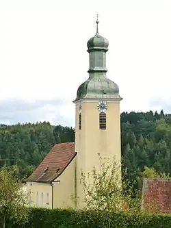 Die Pfarrkirche St. Benedikt wurde 1697 an Stelle einer älteren Kirche unter Verwendung eines spätmittelalterlichen Turms mit Barockaufsatz erbaut. Sie enthält eine geschnitzte Marienstatue von 1500 und eine Sebastiansfigur von ca. 1720.
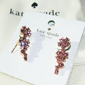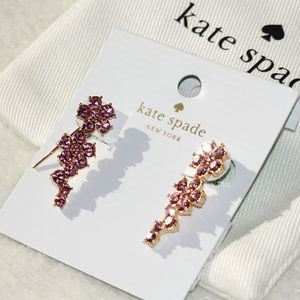 Kate Spade flower ear pins/earrings/crawlers. Shiny gold tone metal. Light pink glass stones. Stainless steel posts.
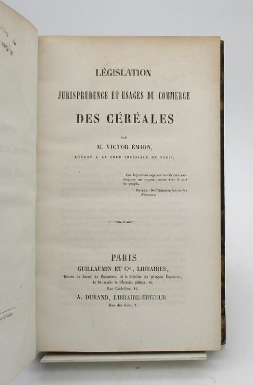 Paris, Guillaumin et Cie, s.d.[1854] In-8, 492 pp., demi-chagrun brun, dos à nerfs orné de filets à froid, auteur et titre dorés au dos (épidermures).
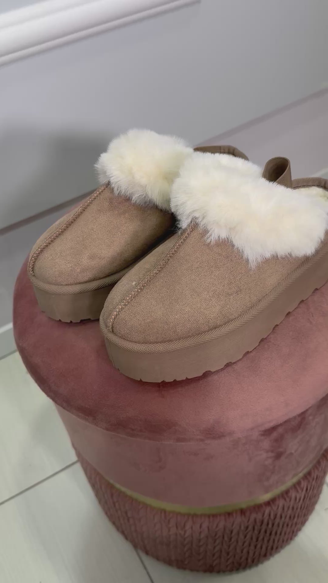 Scarpe stile scarponcino a ciabatta, con pelo bianco interno ed esterno. Color Khaki, con platform ed elastico sul retro.
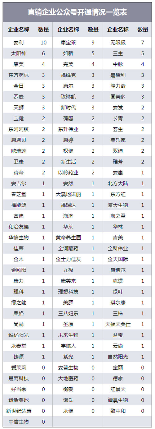 直销企业官方公众号数量达175个
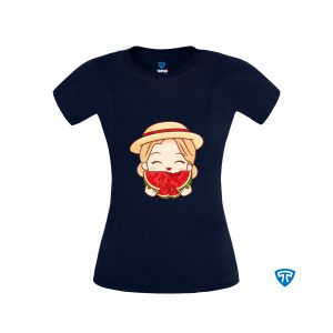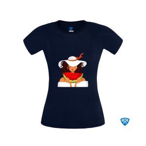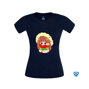 تیشرت ضدتعریق زنانه سورمه ای طرح دختر دامن هندونه ای (تاپ سفید)
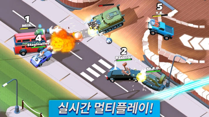 다양한 전술을 구사할 수 있는 8가지 독특한 전장에서 치열한 전투를 경험하세요. 평범함부터 전설 등급까지, 70가지가 넘는 개성 넘치는 자동차들을 잠금 해제하고 30가지 이상의 독창적인 스킨으로 나만의 개성을 뽐내십시오. 페페로니 스킨 캠핑카처럼 예측 불가능한 조합으로 상대를 놀라게 할 수도 있습니다. 화염방사기, 강력한 대포, 심지어 거대한 투석기까지, 16가지의 업그레이드 가능한 파워업으로 무장하여 적들에게 압도적인 파괴력을 선사하고 궁극의 승리를 쟁취하세요.
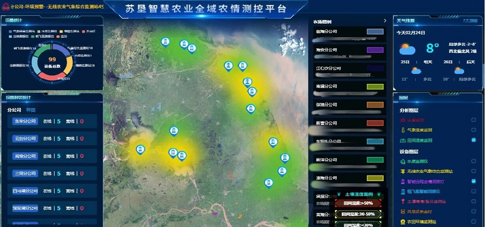 圍繞保障糧食安全核心功能,由公司黨委抓總、總部科技信息部負責總體架構,集成應用低空農業、無人化裝備、人工智能技術,搭建智慧農業“一張圖”“一片云”“一張網”共性平臺,開發應用無人值守巡田系統、全域“四情”監測系統、智慧灌溉系統,推廣精準變量施肥、衛星平整地、北斗輔助駕駛技術裝備,多維度提升農業生產效率與管理水平,輸出江蘇農墾智慧農業集成解決方案。
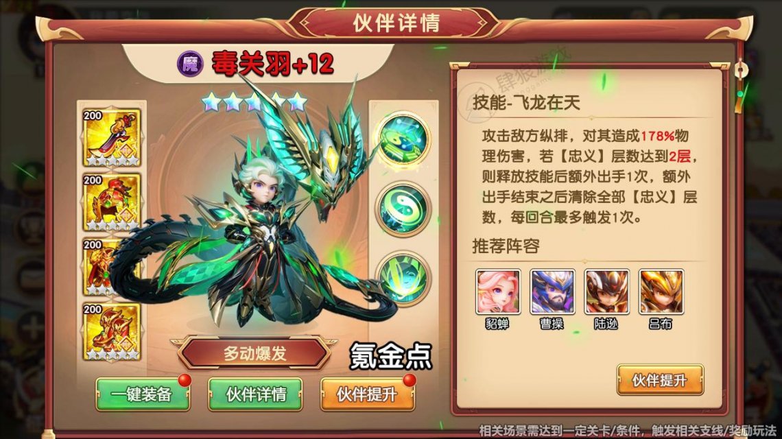 阵营搭配技巧:除了推荐阵容,也可尝试同阵营武将搭配,激活阵营羁绊属性,进一步提升战力。
######
Transcribe exactly the lines above, beginning at the one with "تیشرت ضدتعریق زنانه" and going up to and including the one with "다양한 전술을 구사할". Pictures do not belong in the copy.

**Answer box**
 تیشرت ضدتعریق زنانه سورمه ای طرح دختر دامن هندونه ای (تاپ سفید)
 다양한 전술을 구사할 수 있는 8가지 독특한 전장에서 치열한 전투를 경험하세요. 평범함부터 전설 등급까지, 70가지가 넘는 개성 넘치는 자동차들을 잠금 해제하고 30가지 이상의 독창적인 스킨으로 나만의 개성을 뽐내십시오. 페페로니 스킨 캠핑카처럼 예측 불가능한 조합으로 상대를 놀라게 할 수도 있습니다. 화염방사기, 강력한 대포, 심지어 거대한 투석기까지, 16가지의 업그레이드 가능한 파워업으로 무장하여 적들에게 압도적인 파괴력을 선사하고 궁극의 승리를 쟁취하세요.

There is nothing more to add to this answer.